Wake up, America. Ken Kesey has assembled a bunch of the old Merry Pranksters for a cross-country trip to deliver his psychedelic bus to the Smithsonian Institution.
But here's Kesey's latest prank: When he gets there he might not really give them the bus."They did ask for (the bus) a long time ago," said Kesey, sitting at his kitchen table in his red long underwear after taking the bus for a spin past his neighbors' farms. "This was going to be a swan song. But suddenly, the swan is up and dancing, and doing rap.
"There's a dilemma with that Smithsonian thing. It's like the song by The Who. `You want it? You want it? You caaaaaaan't have it.' "
Now 55, Kesey was a young literary lion roaring with success from his novels "One Flew Over the Cuckoo's Nest" and "Sometimes a Great Notion" when he bought the bus to take a bunch of friends to the 1964 World's Fair in New York.
Along the way the Pranksters became heroes of the free-love, acid-rock, turn-on, tune-in, drop-out 1960s, largely through Tom Wolfe's book, "The Electric Kool-Aid Acid Test."
Ed McClanahan - a writer pal of Kesey's who missed the first trip but is coming along to chronicle the current one - figures the bus inspired The Who's "Magic Bus" song - the one with the lyrics "I want it, I want it, I want it . . . - You caaaaaaan't have it" - and the Beatles' "Magical Mystery Tour" movie.
"That trip was a seminal moment in American culture," McClanahan said.
The painted psychedelic swirls that made the bus a cultural icon originally were applied to keep it from looking like a school bus, said Kesey's wife, Faye.
Over the next 25 years, the designs mutated and evolved into a mural that embodies Kesey's vision of the bus as a rallying symbol for saving the Earth.
On the right side is Michelangelo's Adam from the ceiling of the Sistine Chapel. Dorothy, Tin Man, Scarecrow and Cowardly Lion skip up to the Emerald City, where a northern spotted owl is perched. On the left is a totem pole. Fish swim on the flanks. The hood ornament is a bronze jester.
Over the windshield is its name, Further, worn like a crown to proclaim the bus' destination.
The idea for this trip grew out of Kesey's latest book, "The Further Inquiry." The book originally was conceived as a play staged on the bus, where the soul of Neal Cassady is put on trial.
Cassady was the basis for the hero of Beat writer Jack Kerouac's "On The Road," as well as the charismatic man behind the wheel of Further. On that first trip he laid down a free-association rap-babble that still makes Kesey shake his head in wonder and joy when he watches old home movies.
Kesey wanted the book to include a movie of Cassady, printed one frame to a page, so that they moved as the pages were flipped.
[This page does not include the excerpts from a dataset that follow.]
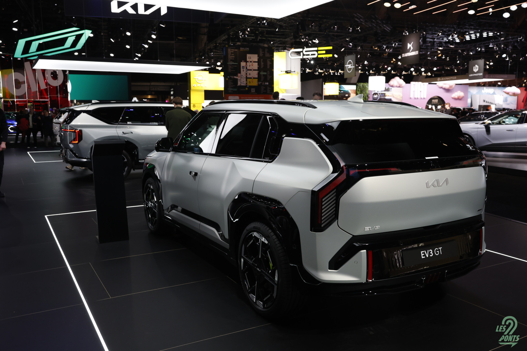 Les EV3 GT et EV4 GT reposent sur une architecture technique partagée, déclinée en trois silhouettes distinctes : SUV compact (EV3), berline compacte et berline Fastback (EV4). Les deux modèles adoptent une transmission intégrale à double moteur développant 215 kW (145 kW à l’avant, 70 kW à l’arrière), soit environ 292 ch, associée à une batterie de 81,4 kWh.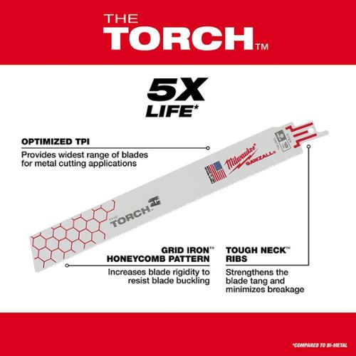 Milwaukee® SAWZALL® Reciprocating Saw Blade Set, Demolition Straight Tapered Back, 12 Piece, Specifications: 1 in W, For Use With: Reciprocating Saw, Bi-Metal, Uncoated, White, 1/2 in Dimensions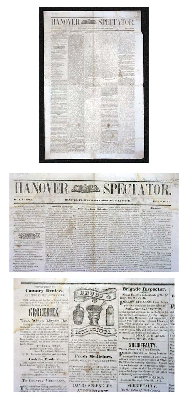 1848 Antique Hanover PA Issue - RareNewspapers.com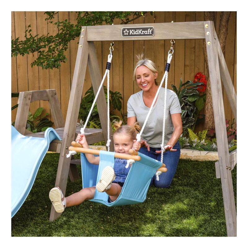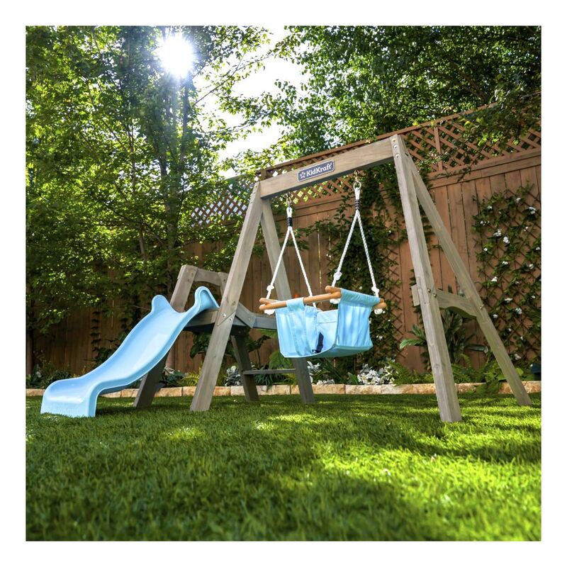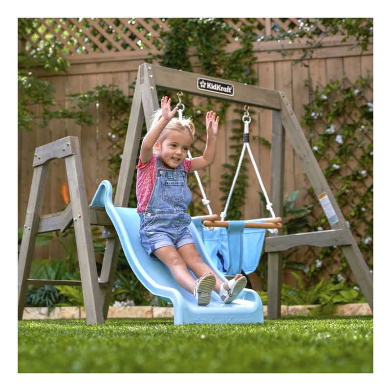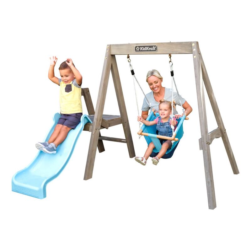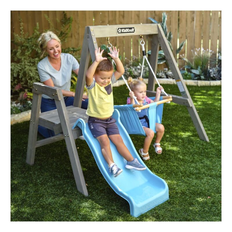 When your child is not quite ready for our big swing sets, this beginner version, the First Play Wooden Swing Set from KidKraft, will help them learn how to swing and slide with ease. Build up their confidence with the one-rung ladder that gets them to the top of the slide. The wave slide has a gently sloped edge for soft landings. Introduce toddlers to the joy of soaring through the air in a bucket swing just their size. The canvas square swing has a safety lap belt for security, and the soft-touch rope is easier on little hands so both parents and kids can thoroughly enjoy the new experience. Add this wooden set to your backyard lineup of active play toys to give kids a well-rounded fun time in the outdoors. With heavy-duty, durable components and water-based, child-friendly stain, this set is ready to withstand the seasons.

"It's important to see how he jabbers and jumps," Kesey said.
His publisher, Viking, agreed to include the flip pictures if Kesey would drive Further to a book fair in Las Vegas.
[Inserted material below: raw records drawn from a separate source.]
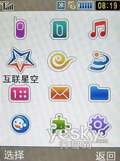 在界面方面,該機延續三星傳統風格,12宮格的主菜單平鋪出主要功能,待機桌面可以顯示或關閉鐘表和日歷,五維導航鍵支持快捷操作。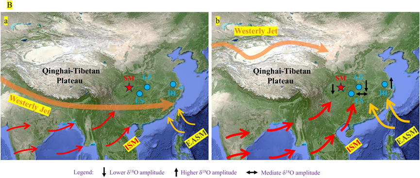 图3. 中国季风区石笋δ18O差异性比对(A)及其空间动力学机制模型(B)图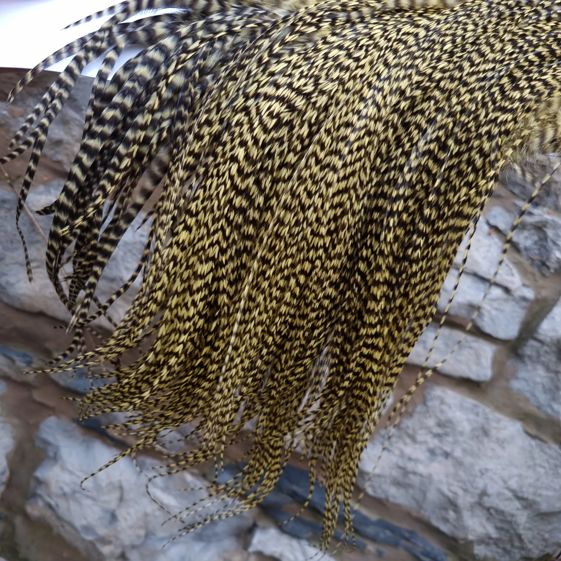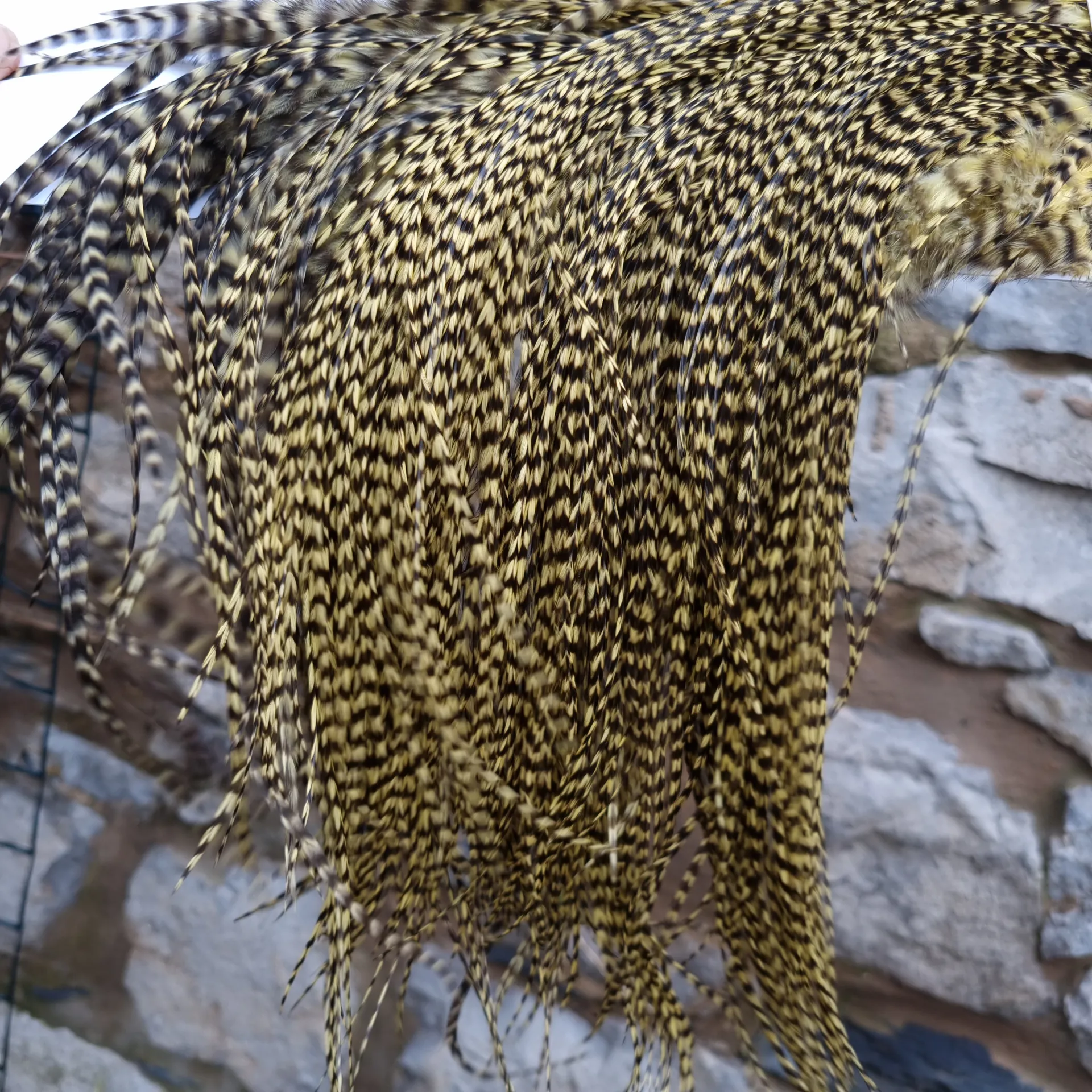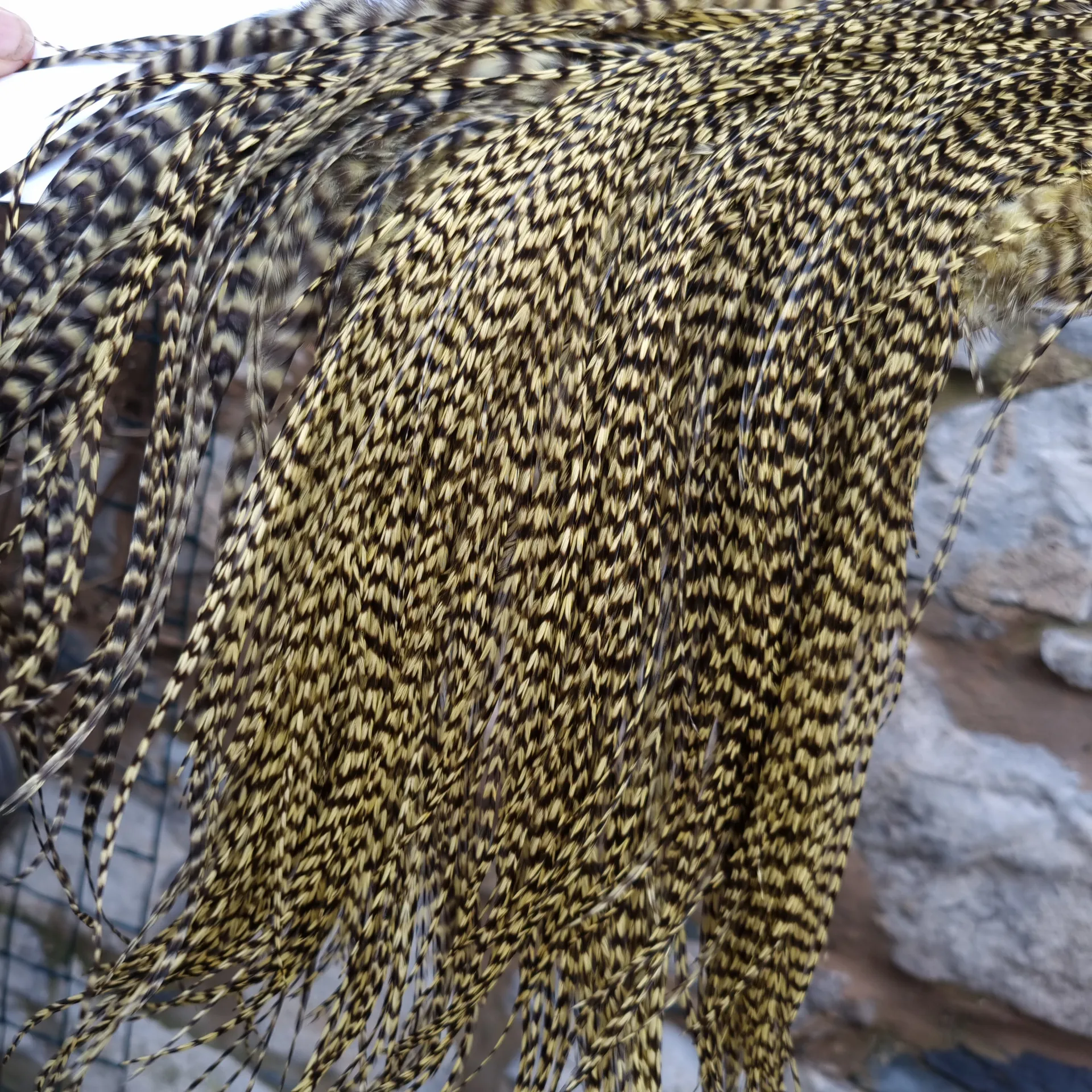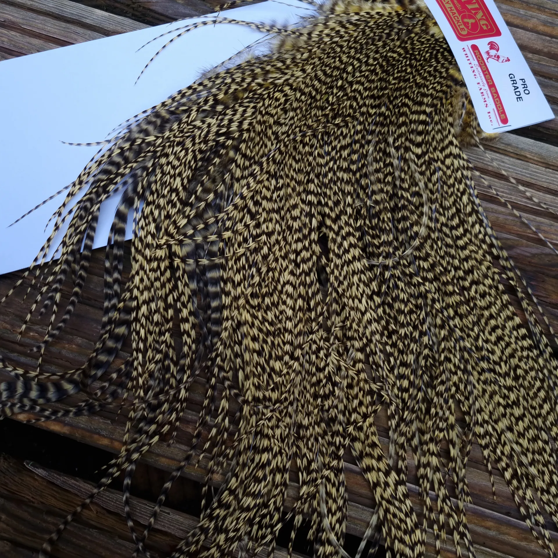 Whiting Farms produce by far the very best Dry Fly Saddle hackles in the world with hackles that can reach 20 “ or more!! Just like the legendary Whiting Dry Fly Capes Whiting Rooster Saddles are graded by the medal system with Platinum being the panicle of genetic breeding followed by Gold, Silver, Bronze and PRO-GRADE with saddles being graded on saddle size, Density of hackle and length of hackle and within in this they are split into a standard Gold, Silver, Bronze or Pro-Grade saddle and Midge Sized Saddles predominately tying 16 into the 20’s or smaller.

He had so much fun that he planned a cross-country trip to ease Further into its grave at the Smithsonian and promote his new book.
The latest trip won't be as wild as the others.
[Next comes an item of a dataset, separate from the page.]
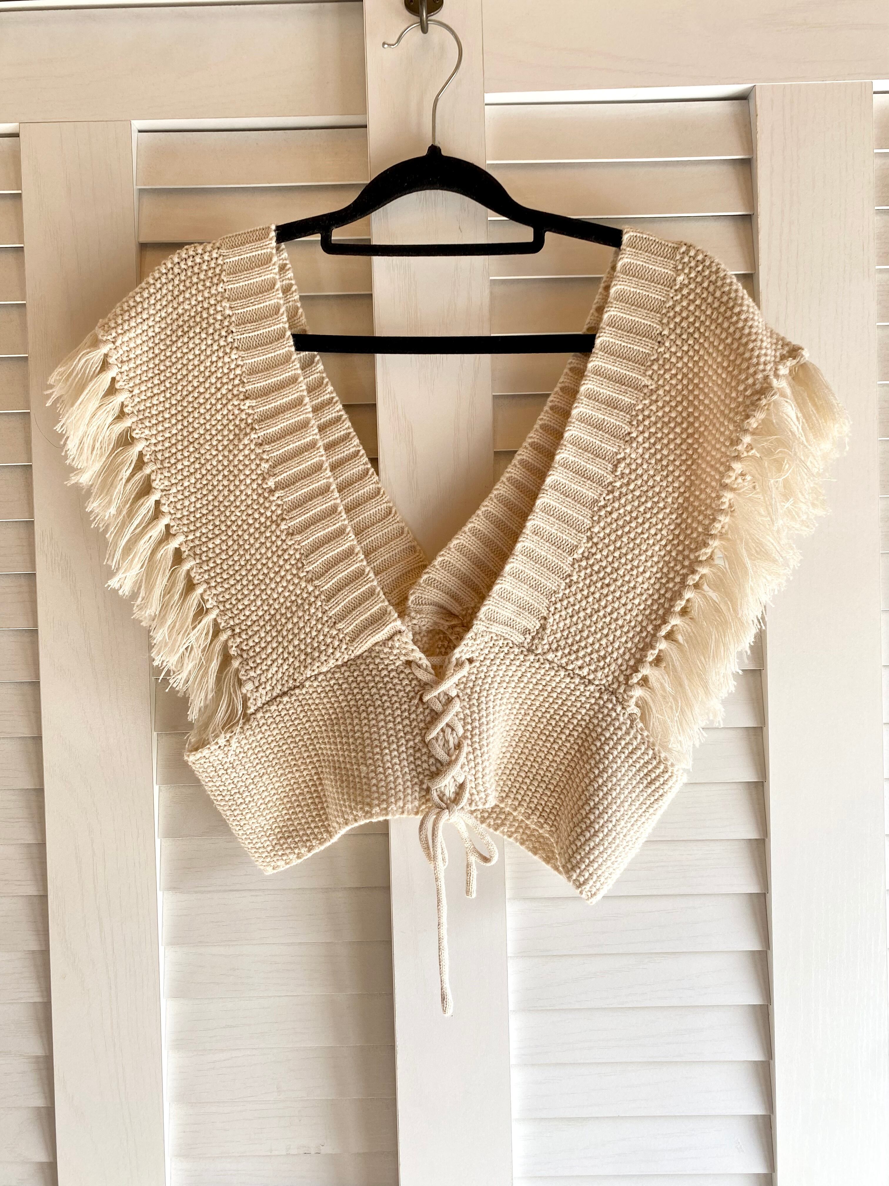 #86 ガーター編みフリンジショルダーニットビスチェ アイボリー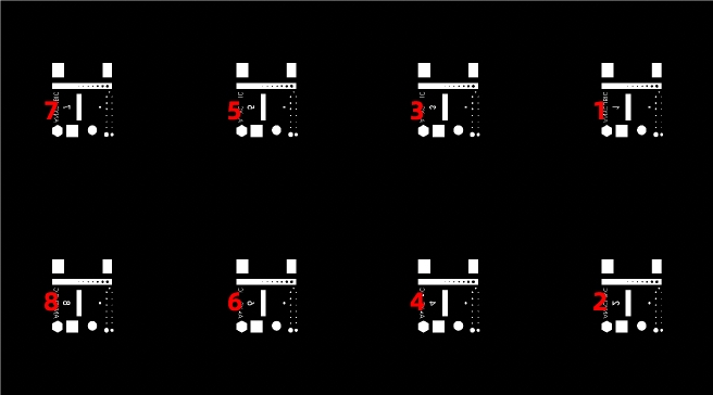 Básicamente el test R.E.R.F. (abreviación de Resin Exposure Range Finder), que está incluído en el USB de la impresora, nos permite mediante 8 figuras que incluyen diferentes tests colocadas por sectores en nuestra base de impresión y que gracias al firmware permite que cada uno de esos sectores tengan un tiempo de exposición diferente.

"We're grandparents now," Kesey said.
He is scheduled to take Further to a book signing in Portland on Sunday. On Monday, he heads south to California, hoping to reach Berkeley by Halloween to help counterculture pal Wavy Gravy collect for UNICEF and campaign for City Council. After that, the schedule gets dim, though Kesey hopes to pick up LSD guru Timothy Leary and gonzo journalist Hunter S. Thompson along the way.
But getting back on the road has given Kesey second thoughts about turning over the bus to the Smithsonian.
"This is why I would hate to see it laminated and stopped," Kesey said. "It was just going good again."